Work item: As you work through the listing below, copy each line exactly and drop the images.

Data to examine:
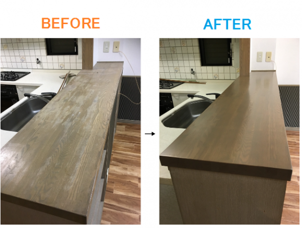 木製キッチンカウンター再塗装
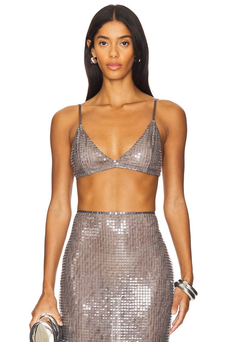 Shimmering metallic silver sequins cover this fitted bralette, creating a dazzling cropped silhouette perfect for summer nights. Featuring a V-neckline and delicate spaghetti straps, it offers a sexy, chic vibe enhanced by a back hook closure for a secure fit. Crafted from lightweight polyester satin fabric, this sequin top brings a trendy edge to your evening wardrobe. Ideal for nights out, parties, and girls' night events, it pairs effortlessly with high-waisted skirts or pants for a standout look that radiates confidence and style.
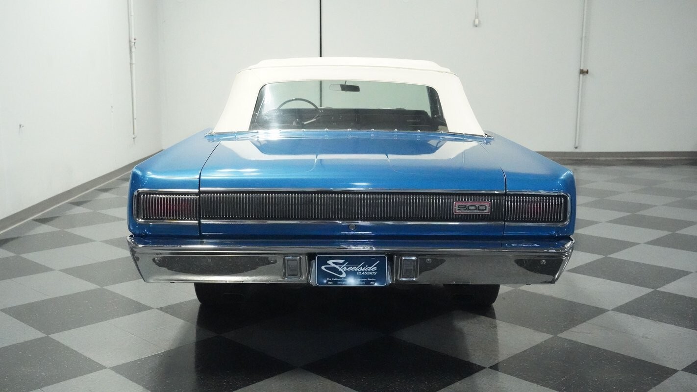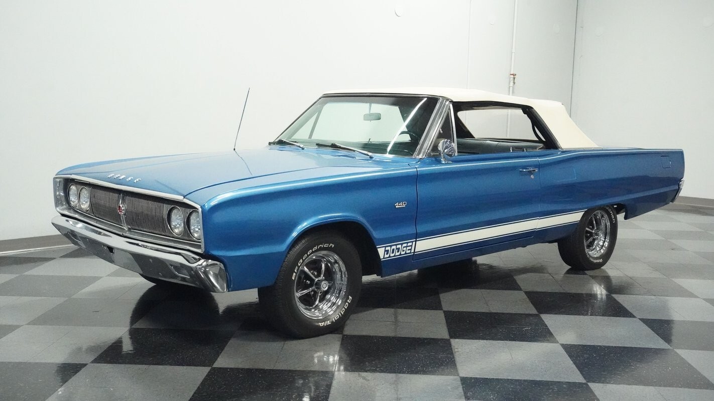 This '67 Coronet 440 ragtop brings serious muscle, being one of just 6,604 convertibles built that year. The deep blue paint and razor-sharp white stripes make this Mopar a certified street brawler. Rolling on classic Magnum 500s - 14x6 wrapped in meaty 215/70R14 rubber, this Dodge has the perfect street stance. The premium Coronet 500 rear badges tell other motorists this ain't your average grocery-getter, while the vinyl top drops at a moment's notice when you're ready to feel the wind.
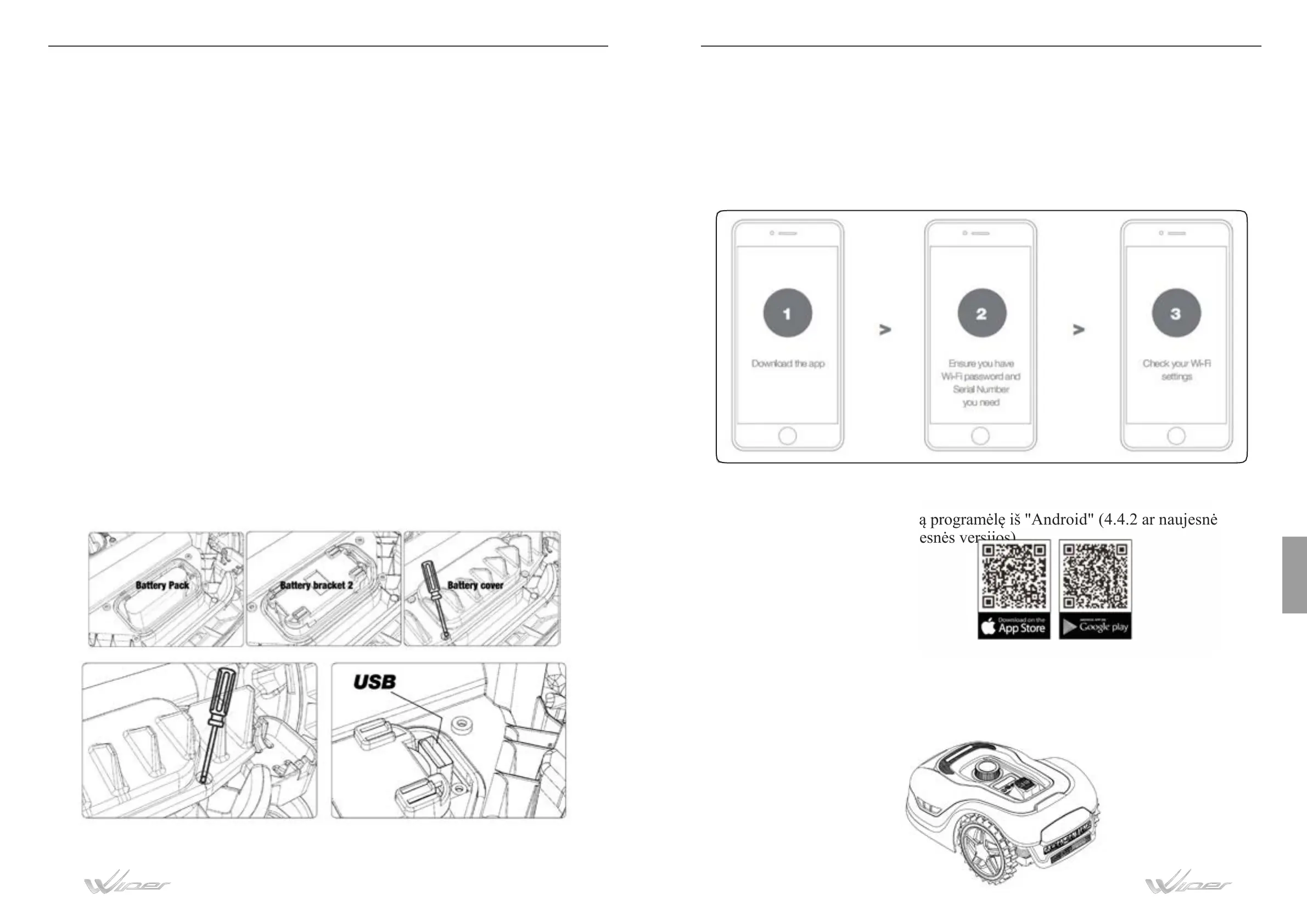 2. Visiškai įkraukite akumuliatorių ir išimkite jį iš vejapjovės.
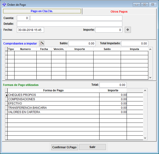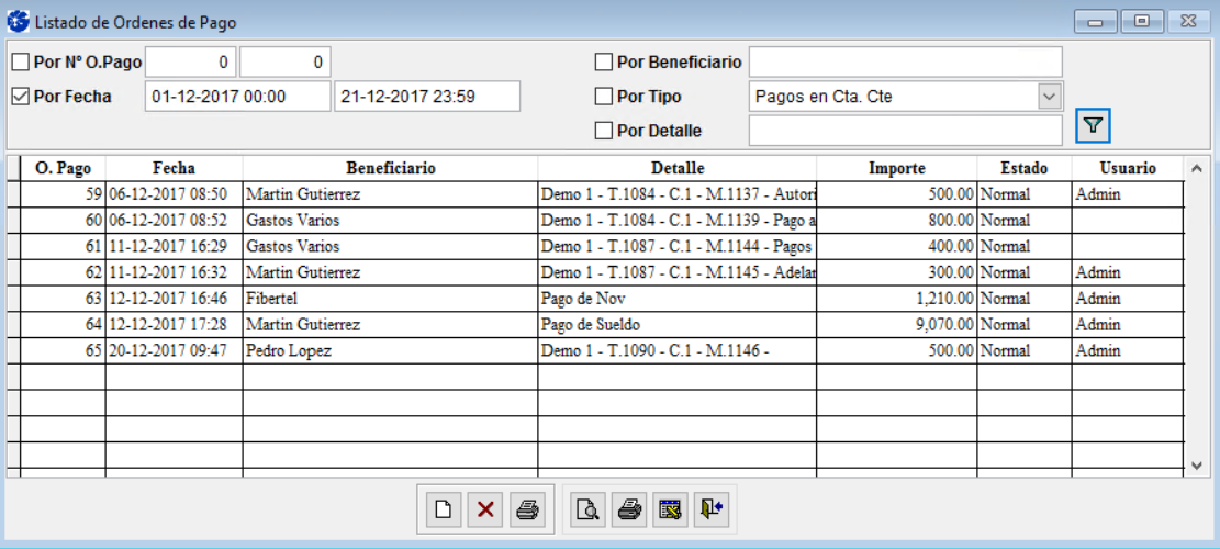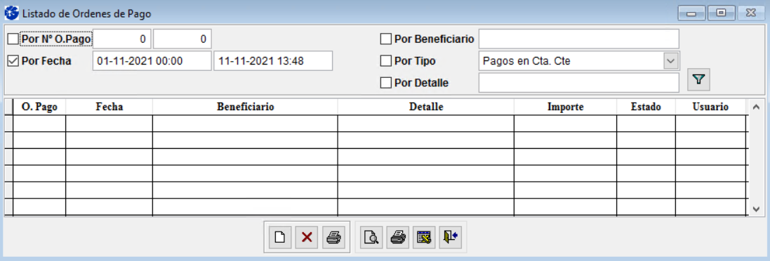 Para realizar una nueva Orden de Pago ingrese al ícono de la hoja en blanco. Observará que se despliega la siguiente planilla:
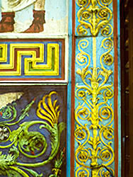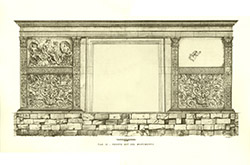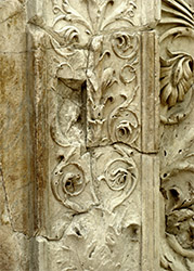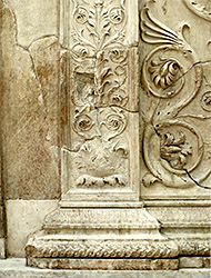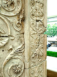 The important surviving marble remnants of this doorway indicate that, unlike most other surfaces of the Ara Pacis, the doorways were relatively plain with restrained molding. In contrast, all the pilasters, including the major corner pilasters, and the base moldings were highly embellished. No remnants of the entablature survived. Judging by images on coins which seem to represent this facade (image on page 1), the entablature would have been larger, more ornate, and would have included acroteria protecting upward at the corners.

Response to the exercise:
 木製キッチンカウンター再塗装
 Shimmering metallic silver sequins cover this fitted bralette, creating a dazzling cropped silhouette perfect for summer nights. Featuring a V-neckline and delicate spaghetti straps, it offers a sexy, chic vibe enhanced by a back hook closure for a secure fit. Crafted from lightweight polyester satin fabric, this sequin top brings a trendy edge to your evening wardrobe. Ideal for nights out, parties, and girls' night events, it pairs effortlessly with high-waisted skirts or pants for a standout look that radiates confidence and style.
 This '67 Coronet 440 ragtop brings serious muscle, being one of just 6,604 convertibles built that year. The deep blue paint and razor-sharp white stripes make this Mopar a certified street brawler. Rolling on classic Magnum 500s - 14x6 wrapped in meaty 215/70R14 rubber, this Dodge has the perfect street stance. The premium Coronet 500 rear badges tell other motorists this ain't your average grocery-getter, while the vinyl top drops at a moment's notice when you're ready to feel the wind.
 2. Visiškai įkraukite akumuliatorių ir išimkite jį iš vejapjovės.
 Para realizar una nueva Orden de Pago ingrese al ícono de la hoja en blanco. Observará que se despliega la siguiente planilla:
 The important surviving marble remnants of this doorway indicate that, unlike most other surfaces of the Ara Pacis, the doorways were relatively plain with restrained molding. In contrast, all the pilasters, including the major corner pilasters, and the base moldings were highly embellished. No remnants of the entablature survived. Judging by images on coins which seem to represent this facade (image on page 1), the entablature would have been larger, more ornate, and would have included acroteria protecting upward at the corners.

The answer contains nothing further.